Mikve’s centrality
Regarding “Free the Mikve!” (Editorial, February 19), I feel my security here in Israel is at stake – more than from any terrorist attack. The mikve laws underpin the Jewish family unit, and the family unit is the basis of the Jewish nation.
My husband and I made aliya 25 years ago because we felt the need to be a part of ensuring the nation of Israel’s survival in its homeland. Our survival here depends on our faithfulness to God’s Torah. This is a basic Jewish belief.
The mikve, possibly more than any other mitzva, is based on ne’emanut (faithfulness). The husband has to depend on his wife’s word.

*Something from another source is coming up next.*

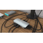 Konstrukce z broušeného hliníku zajistí dostatečnou odolnost dokovací stanice i při častém cestování. Integrovaný USB-C kabel je dostatečně dlouhý pro pohodlné připojení i v případě, že se USB-C port nachází na horní části rámu displeje (typické pro hybridní notebooky/tablety).
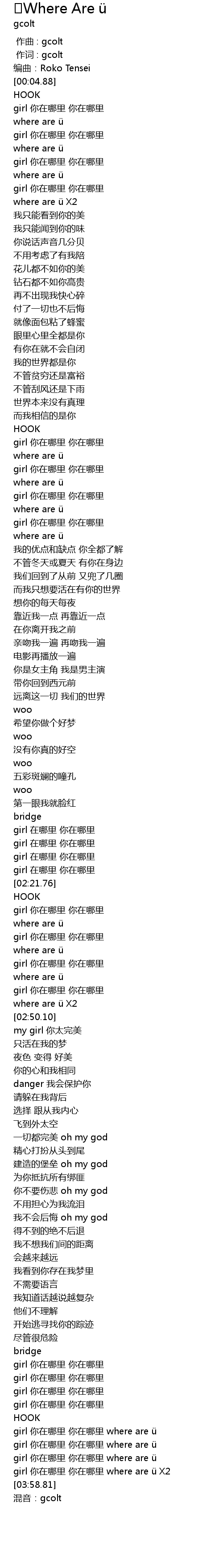 | [03:57.81] | girl nǐ zài nǎ lǐ nǐ zài nǎ lǐ where are ü X2 |

The woman has to depend on the mikve being kosher, and on the balanit (attendant) doing her job faithfully. The balanit has to depend on the woman’s word that she has made the proper checks before immersing in the mikve.
Our continuity as Jews depends on this. In fact, it is well known that if a community can build only one communal institution, it must be a mikve, which is perhaps the ultimate symbol of our faithfulness. It can serve no other agenda.
I tremble when I send my sons to our army – and my prayer is that we may merit God’s protection. We have a brit (agreement) with Him. We cannot forget that it is a two-way brit.
We have to serve God and not ourselves, at least when it comes to the mikve.
JANINE BLOCH
Ra’anana
Your editorial makes the point of linking Orthodoxy with coercion and lack of innovation – in short, being undemocratic and unfair.
There seems to be a basic mistake or misunderstanding. Democracy and freedom must allow free religious practice, but they cannot determine what is and what is not religious practice. Religion is a set of God-given rules that one can accept or reject, but they are not changed by coercive pressures.
Enough is enough.
YITZCHOK ELEFANT
Dimona
The writer is chief rabbi of Dimona.